Éva Martha Tamássy (30 July 1936 – 30 November 2018) was a Hungarian-born flutist and influential music educator. She is particularly remembered for her contributions to classical music in South Africa, where she became a prominent figure after emigrating from Hungary in the late 1950s.

== Early life and education ==
Éva Tamássy was born in Budapest in 1936. She pursued her musical education at the Ferenc Erkel Conservatorium (1950–1953) and the Franz Liszt Academy of Music in Budapest (until 1956). Following her studies in Hungary, she further developed her skills under the tutelage of renowned French flutist Jean-Pierre Rampal, attending classes during his concert tours in South Africa.

== Career in South Africa ==
In 1956, Tamássy fled Hungary with her family after the Hungarian Revolution, settling in Johannesburg, South Africa, a few months later. She quickly established herself as a leading figure in the South African classical music scene, performing as a soloist and chamber musician. Her performances with ensembles such as Musica Antiqua, the Pro Arte Wind Ensemble, the Tamássy Flute Quartet, Concerts 4x2, and the Tamássy-Fortescue Duo were widely acclaimed.

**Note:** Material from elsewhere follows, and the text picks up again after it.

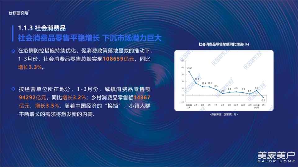 社会消费面分析,社会消费品零售平稳增长,下沉市场潜力巨大。数据显示,在疫情防控措施持续优化,促消费政策落地显效的推动下,1-3月份,社会消费品零售总额实现108659亿元,同比增长3.3%。 其中,家具类零售额达到339亿元,同比下降7.1%。

In 1965, she earned the Unisa Performers' Licentiate in Music (UPLM) with distinction, further cementing her reputation as a virtuoso flutist. Her career included collaborations with performing bodies such as the Cape Performing Arts Board (CAPAB), Natal Performing Arts Council (NAPAC), and South West Africa Performing Arts Council (SWAPAC). She also performed concertos with South African orchestras and contributed to radio transcription recitals for the South African Broadcasting Company (SABC).

== Teaching and mentorship ==
Tamássy held a teaching position at the University of Stellenbosch from 1960, where she mentored generations of flutists. Many of her students went on to have successful careers both in South Africa and internationally. Between 1988 and 1993, she frequently traveled to Europe to stay updated on developments in flute pedagogy and created opportunities for her students to study at prestigious institutions abroad.

In addition to teaching, Tamássy presented masterclasses in Stellenbosch, Cape Town, and Pécs, and created radio programmes, including a 13-part series titled From Shepherd to Symphony for the SABC. She also arranged Hungarian folk songs and other works for flute and piano (such as Schubert’s Arpeggione Sonata), contributing significantly to the flute repertoire. One of her notable arrangements was the adaptation of J.S. Bach's Goldberg Variations for harpsichord, which garnered critical acclaim.

Several South African composers dedicated works to her. Roelof Temmingh wrote several pieces for her, including Last Pieces no. 2 (Nostalgia) for solo flute, Flute Concerto, Sonata for flute and guitar, and Moedverloor op A mol for twelve flutes. Paul Loeb van Zuilenburg (sr.) wrote Ballet for flute and guitar and Scala for solo flute for her, while Hubert du Plessis composed Vier Antieke Dansstukke, op. 35. In 1981, she premiered Arnold van Wyk’s Poerpasledam for flute and piano, performing alongside the composer.

== Later life and legacy ==
From 1990 to 1996, Tamássy toured with pianist Virginia Fortesque, performing duo concerts in Austria, Hungary, Scotland, and France. Their performances included a recital broadcast on Radio Budapest. After retiring in 1998, she continued teaching and performing, maintaining a flute studio in Stellenbosch until shortly before her death in 2018. She self-published three CDs featuring light classical flute and piano pieces (with Elna van der Merwe), flute and harp music (with Kobie du Plessis), and Bach’s Goldberg Variations (with Mario Nell on organ and harpsichord).

Tamássy's extensive collection of flute scores is housed at the Africa Open Institute for Music, Research and Innovation in Stellenbosch.